A random variable $X$ is called continuous if there is a nonnegative function $f_X$, called the probability density function of $X$, such that

\[P(X \in B) = \int_B f_X(x)dx, \tag{1}\]

for every subset $B$ of the real line. In particular, we have

\[P(a \le X \le b) = \int^b_af_X(x)dx, \tag{2}\]

and

\[\int_{-\infty}^{\infty}f_X(x)dx = 1.\]

For very small length $\delta$, we have

\[\int_x^{x+\delta}f_X(t)dt \approx f_X(x)\delta.\]

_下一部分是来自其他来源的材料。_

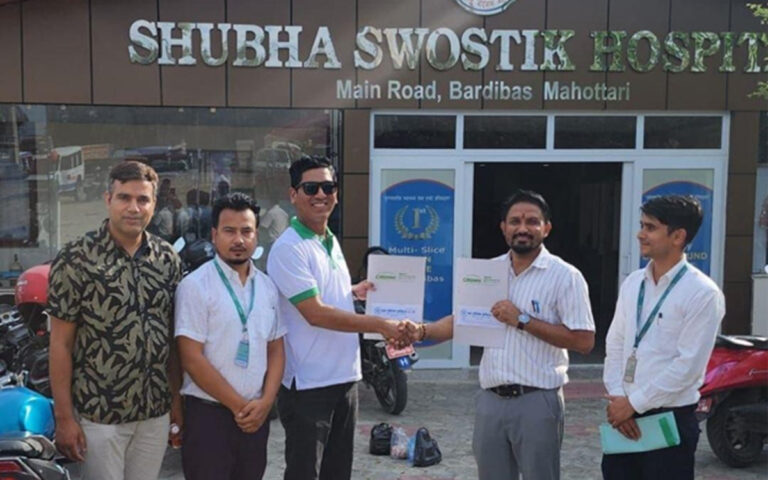 काठमाडौं – सिटिजन्स बैंक इन्टरनेसनल लिमिटेड र बर्दिबास, महोत्तरी स्थित शुभ स्वस्तिक हस्पिटलबीच सिटिजन्स बैंकका ग्राहकहरूलाई विशेष छुट दिने समझदारीपत्रमा हस्ताक्षर भएको छ । सो समझदारीपत्रमा हस्ताक्षर पश्चात् सिटिजन्स बैंकका कार्डबाहक र मोबाइल बैंकिङ्ग ग्राहकहरूले शुभ स्वस्तिक हस्पिटलका सेवाहरुमा १५५ सम्मको आकर्षक छुट पाउनेछन्। यस किसिमको सहकार्यबाट बैंकका ग्राहकहरु लाभान्वित हुनुका साथै नगद कारोबारबाट डिजिटल कारोबार तर्फ उत्प्रेरित हुने विश्वास बैंकले लिएको छ ।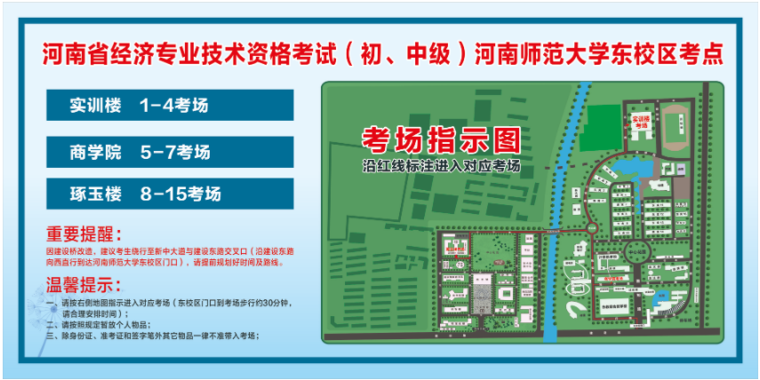 河南考區(qū)2022年中級經濟師補考的同學們請注意,河南人事考試中心發(fā)布了“河南新鄉(xiāng)市河南師范大學(東校區(qū))考點考生友情提示”,其中說明“因建設路與牧野路交叉口建設橋正在施工中,道路不通”等重要的路況信息,,并提示大家提前到達考場,具體如下。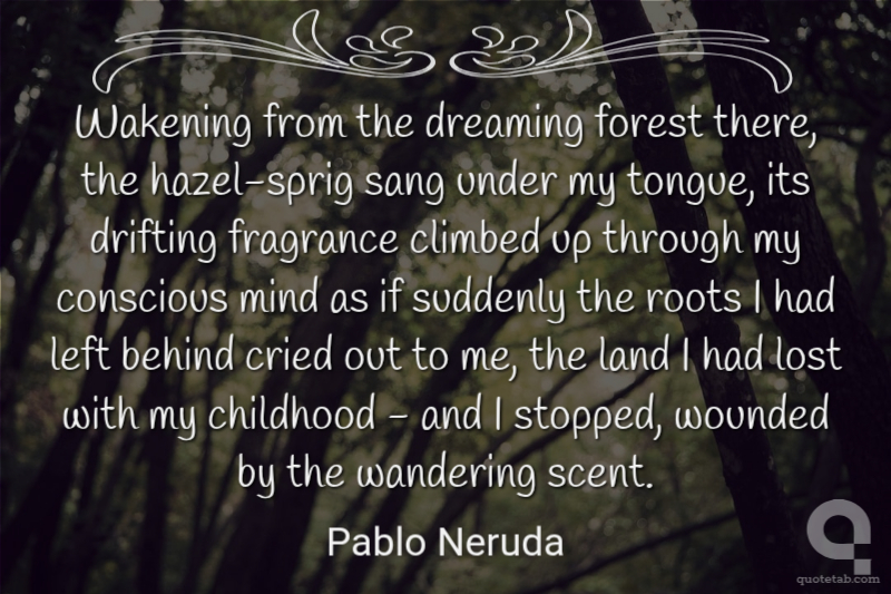 Wakening from the dreaming forest there, the hazel-sprig sang under my tongue, its drifting fragrance climbed up through my conscious mind as if suddenly the roots I had left behind cried out to me, the land I had lost with my childhood - and I stopped, wounded by the wandering scent.
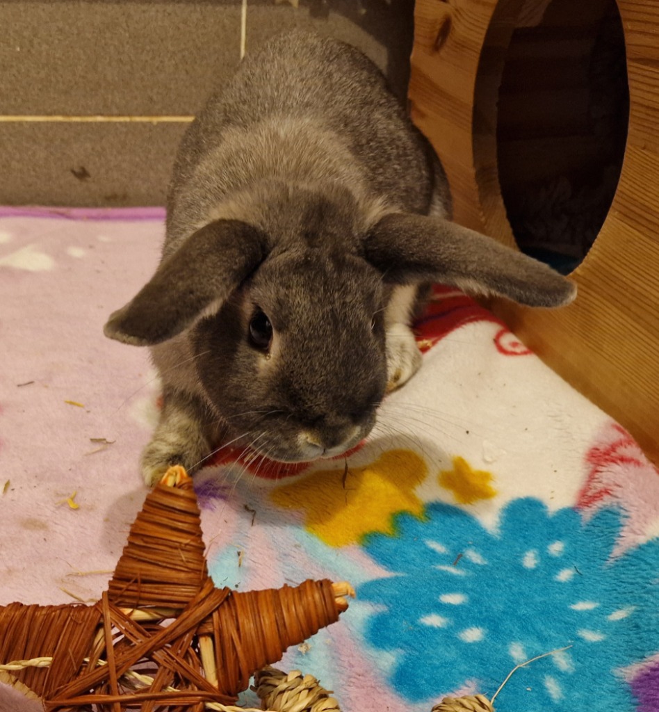 All rabbits need a spacious, secure enclosure no smaller than 3m x 2m by 1m high but the bigger the better! A quiet environment with fresh hay, veggies, and enrichment.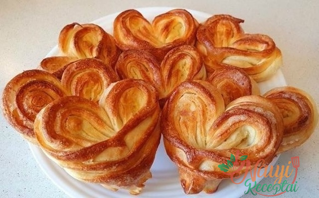 - Perlenkite ritinėlį per pusę ir įpjaukite per vidurį, neperpjaudami iki galo. Praskleiskite puses – gausite širdies formos ritinį.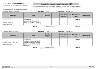 Le Département du Bas-Rhin a décidé, par délibération du Conseil Départemental du 13 décembre 2018, d’adopter le schéma d’orientation pour la culture et le patrimoine pour la période 2018-2021. Ce schéma fixe l’objectif de garantir des services culturels de proximité dans le domaine de la création artistique, de la diffusion artistique, de la pratique artistique en amateur, de l'enseignement artistique et de l'éducation artistique et culturelle. Dans ce cadre, le schéma prévoit de nouveaux modes d’intervention du Département du Bas-Rhin, notamment en investissement à travers la mise en œuvre de deux dispositifs dont un dispositif d’aide pour l’achat de petits matériels dédiés à l’équipement scénique, numérique et technique de structures culturelles et un dispositif d’aide à l’investissement en matière de dynamiques collectives pour les pratiques artistiques des usagers et pédagogiques pour les enseignants. Le présent rapport a pour objet de proposer à la Commission Permanente de décider d'attribuer des subventions à des projets d’investissement culturel aux associations Becoze, Trois 14, CRIC, BAAL Novo et à la Ville de Schiltigheim, pour un montant total de 51 145 €.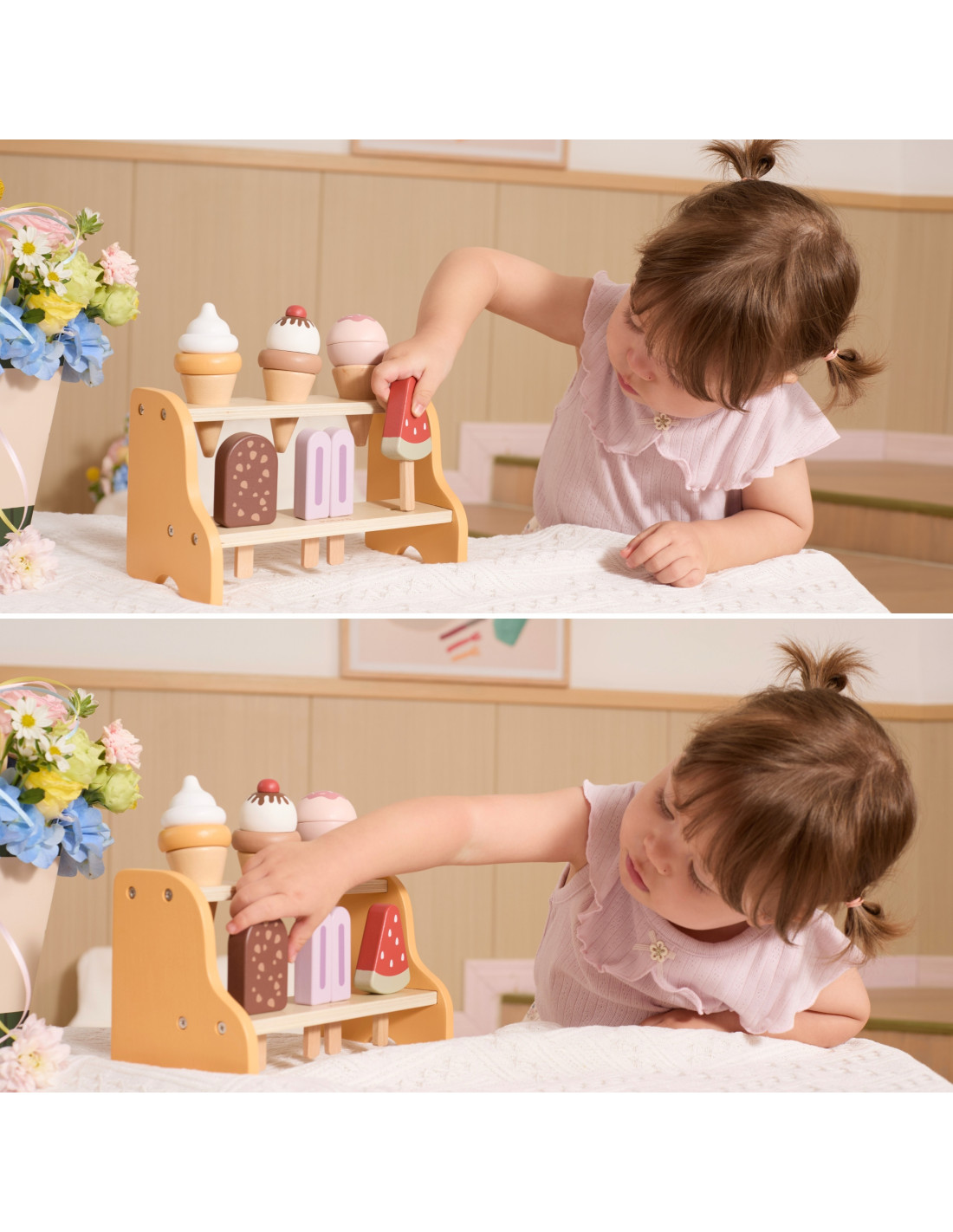 This charming set includes 6 colorful VIGA ice cream cones – 3 cones and 3 popsicles – decorated with iconic designs that will delight every child. The double-layered wooden stand allows you to display the ice cream and keep things organized while playing. Removable elements stimulate fine motor skills and develop tactile play. Perfect for creative role-play – for example, your own ice cream stand!

為什麼叫做 density？因為上式的 $f_X(x)\delta$ 就像密度乘長度。

Pitfalls

$f_X > 1$ 是合法的，因為他不是機率本身（見 $(1)$），PMF 則直接代表機率；這點從 notation 就可以看出端倪：pmf 是 $p_X$，而 pdf 是 $f_X$（pmf 有 $p$，pdf 則非）。

另外，若 $Z=X+Y$，

\[f_Y(y) \not = f_Y(z-x), \text{ i.e. } y \not = z-x,\]

因為我們無法拿任意的 $z$ 和 $x$ 來對應 $y$（可能不存在那樣的 $y$）。

Joint PDF & Marginal PDF

joint:

\[f_{X,Y}(x,y), \\ P((X,Y)\in B) = {\iint}_{(x,y)\in B}f_{X,Y}(x,y)dxdy.\]

用來算出機率！

marginal:

\[f_X(x) = \int^{\infty}_{-\infty}f_{X,Y}(x,y)dy.\]

這是 density！

Expectation

Definition

\[E(X) = \int^{\infty}_{-\infty}xf_X(x)dx.\]

center of gravity

\[E(g(X,Y)) = \int^{\infty}_{-\infty}\int^{\infty}_{-\infty}g(x,y)f_{X,Y}(x,y)dxdy.\]

linearity 依然成立。

Special Random Variables

Exponential Random Variable

An exponential random variable has a pdf of the form

\[f_X(x) = \begin{cases} \lambda e^{-\lambda x},\ &\text{if } x \ge 0, \\ 0, &\text{otherwise}, \end{cases}\]

where $\lambda$ is a positive parameter characterizing the pdf.

令 $y=\lambda x$，可以輕鬆積分，驗證 integral evaluates to 1。

In particular, we have

\[P(X \ge a) = \int^{\infty}_a \lambda e^{-\lambda x}dx = e^{-\lambda a}\]

Moreover,

\[E(X) = {1 \over \lambda}, \\ var(X) = {1 \over \lambda^2}.\]

對比 geometric r.v.，可以發現他們的相似性！

Memoryless

For $x\ge 0$,

\[\begin{align*} P(T>t+x \vert T>t) &= {P(T>t+x \text{ and }T>t) \over P(T > t)} \\ &= {P(T>t+x) \over P(T > t)} \\ &= {e^{-\lambda(t+x)} \over e^{-\lambda t}} \\ &= e^{-\lambda x} = P(T > x). \end{align*}\]

以上討論的是 CDF，有別於離散情境下的 PMF。

Note: 在 continous r.v. 下，$P(X=x)$ 是 $0$，也就是說 $P(T > x) = P(T \ge x)$.

Normal Random Variable

A continuous r.v. $X$ is said to be normal or Gaussian if it has a pdf of the form

\[f_X(x) = {1 \over \sqrt{2\pi}\sigma}e^{-(x-\mu)^2/2\sigma^2}.\]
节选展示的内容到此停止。